Cooked like a pancake instead of baked, Welsh Cookies are soft, buttery, lightly sweet, and a perfect treat to enjoy with a cup of your favorite tea or coffee!
My grandmother was Welsh. Her parents came here right from Wales, and she was the first generation born here in America. They brought with them some excellent recipes – and this recipe for Welsh Cookies is my absolute favorite!
I decided to make this recipe my very first post (!!!) in honor of my grandmother. Gram is the one who truly – more than anyone else – inspired me to get in the kitchen and cook. Her food was always so delicious! Every. Single. Thing. My grandfather always used to joke and say that she could probably make crap taste good.
For my entire life growing up, I spent just about every single Sunday in the kitchen watching and helping Gram cook Sunday dinner. She taught me so much! Her food was always made from scratch using simple ingredients, and nothing was complicated, but everything tasted soooo good. I’ve tried to follow closely in her footsteps!
Okay, now back to those Welsh Cookies…
I’ve also seen these called Welsh Cakes, but I have always known them as Welsh Cookies because that’s what Gram and everyone else who made them always called them. To me, they are kind of a hybrid between a pancake, a scone, and a cookie. Call them what you like. I’ll just call them delicious!
Welsh Cookies were always a special treat for me because they only seemed to make an appearance around the holidays or for special occasions – and I have no idea why! They are super easy and quick to make. You could be enjoying them in under an hour.
INGREDIENTS YOU NEED TO MAKE WELSH COOKIES:
- All-purpose flour
- Baking powder
- Unsalted butter
- Zante currants
In case you aren’t familiar with Zante currants, they’re just extra-tiny raisins (Trivia: they are dried black Corinth grapes – originally from Greece – and are not actually true currants). I’ve never had any trouble finding them in the grocery store (right by the raisins). Here’s a photo showing the difference in size:
HERE’S A QUICK LOOK AT HOW TO MAKE WELSH COOKIES:
Here’s a tip to help you avoid overcooking your cookies: After you have flipped them over, when you think they are done, carefully (don’t touch the hot griddle/pan) feel the edges of the cookies (kind of give the cookies a light squeeze). The edges should be dry but have a little give to them. This will give you a soft, perfectly-cooked, not-dried-out cookie. If the edges are hard and have no give, the cookies are likely overdone.
And please, please, please don’t skip the step of sprinkling the cookies with some sugar right after they come off the griddle. It makes these cookies everything they are supposed to be!
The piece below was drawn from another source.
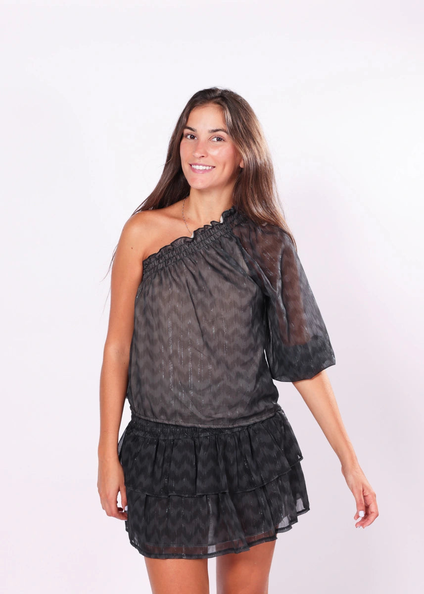 Top assimétrico estampado com glitter sem manga.

You can eat these while still warm (Mmm, yes, please!), but they are still super delicious after they have cooled off. Some people like to put butter on them. Me, I like them just the way they are, warm or cold, with a cup of tea.
- Can I use raisins instead of currants? Sure you can! The cookies will just be slightly different. Traditional Welsh Cookies are made with currants. Currants are a lot smaller than raisins, and so they distribute more evenly throughout the dough, and you will get more currants in every bite.
- What if I don’t have unsalted butter? You can use regular salted butter, but I would recommend eliminating the salt called for in the recipe. You don’t want your cookies to be too salty.
- What if I don’t have an electric griddle? No problem! Use a non-stick frying pan or a stove-top griddle. Watch carefully until you get the temperature just right. Since all stoves are different, I would suggest starting on medium-low or medium and make adjustments as needed from there.
- Can I bake these in the oven? Nope. Sorry!
Thanks, Gram for inspiring me to get in the kitchen and cook like you! Miss you!
I hope you try this recipe for Welsh Cookies and love it as much as I do. Thanks for visiting today!
Welsh Cookies (aka Welsh Cakes)
- 1 cup all-purpose flour
- 1 teaspoon baking powder
- 1/8 teaspoon nutmeg
- pinch salt
- 8 tablespoons unsalted butter, cold, cubed
- 1/4 cup sugar
- 1/3 cup Zante currants
- 1 large egg
- 2 tablespoons milk
- 2 additional tablespoons sugar, for sprinkling on the cookies
- cooking spray, for greasing the griddle/pan
- Preheat an electric griddle to 350°F.
- In a large bowl, whisk together the flour, baking powder, nutmeg, and salt.
- Add the cold butter cubes to the flour mixture. Using a pastry blender, fork, or two butter knives, cut in the butter until the mixture resembles coarse crumbs.
- Stir in the sugar and currants.
- Make a well in the center of the flour mixture and add the egg and milk. Using a fork, mix until the dough comes together. It will be slightly sticky. If it is very, very sticky and too wet, add a little more flour.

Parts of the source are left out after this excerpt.